Keras Backend Configuration

Note: Only relevant if using centimators[keras-jax] or centimators[all].

centimators uses Keras 3 for its neural network models, which supports multiple backends (JAX, TensorFlow, PyTorch). By default, centimators uses JAX as the backend.

Using the Default JAX Backend

No configuration needed! Just import and use:

from centimators.model_estimators import MLPRegressor

# JAX backend is automatically set
model = MLPRegressor()

Switching Backends

If you want to use TensorFlow or PyTorch instead, you have two options:

Option 1: Set environment variable before importing

import os
os.environ["KERAS_BACKEND"] = "tensorflow"  # or "torch"

# Now import centimators
from centimators.model_estimators import MLPRegressor

Option 2: Use the configuration function

import centimators
centimators.set_keras_backend("tensorflow")  # or "torch"
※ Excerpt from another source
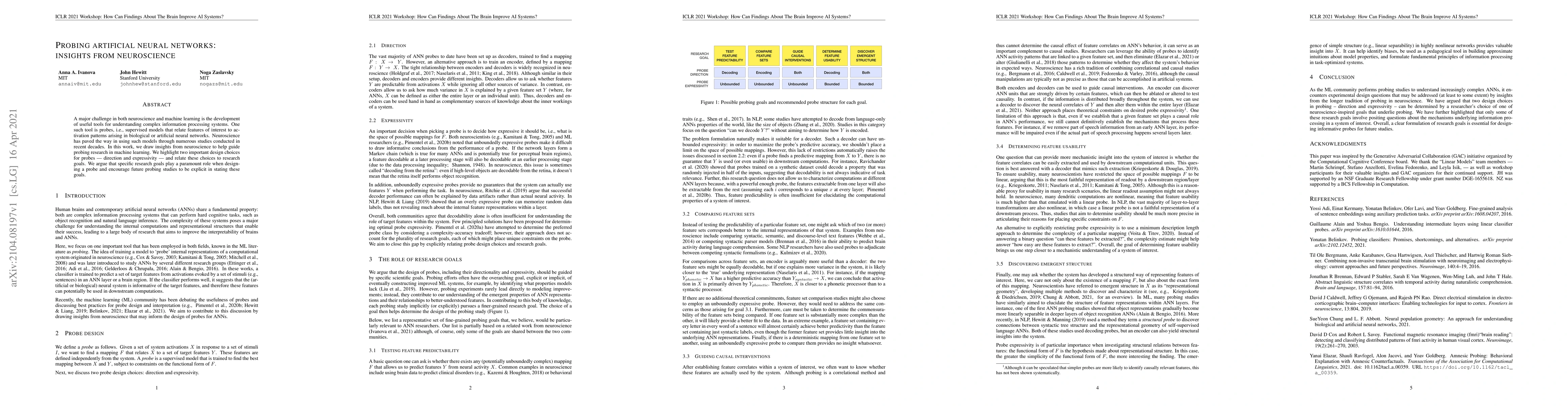 This paper explores the application of neuroscience-inspired probing techniques to enhance understanding of artificial neural networks. It emphasizes the importance of probe design choices, specifically direction and expressivity, in relation to specific research objectives, advocating for clarity in research goals when developing probes.
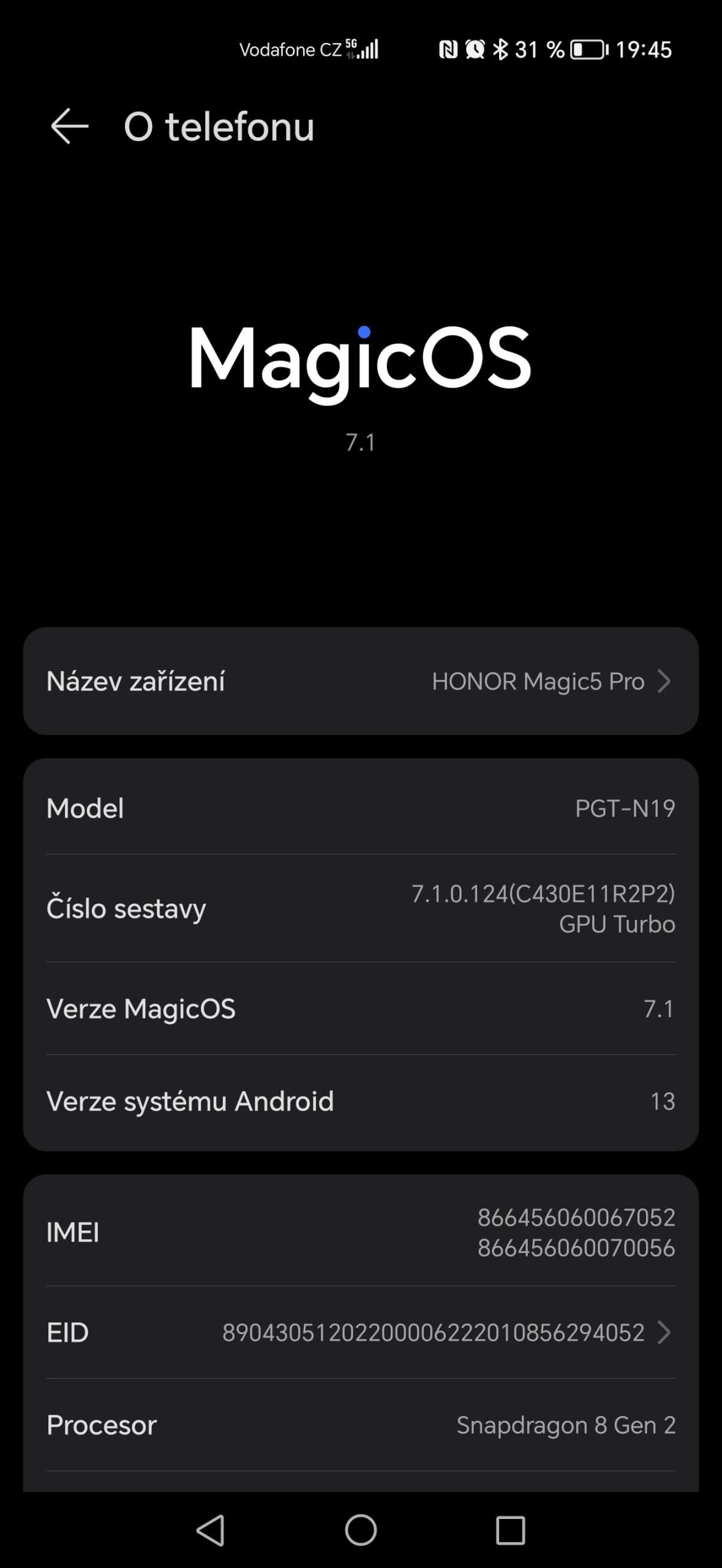 | Operační systém | Android 13 + Magic UI 7.1 |

# Now import model estimators
from centimators.model_estimators import MLPRegressor

Note: If you choose TensorFlow or PyTorch, you'll need to install them separately:

uv add tensorflow
uv add torch

Quick Start

centimators transformers and estimators are dataframe-agnostic, powered by narwhals. You can use the same transformer seamlessly with both Pandas and Polars DataFrames. Here's an example with RankTransformer, which calculates the normalized rank of features for all tickers over time by date.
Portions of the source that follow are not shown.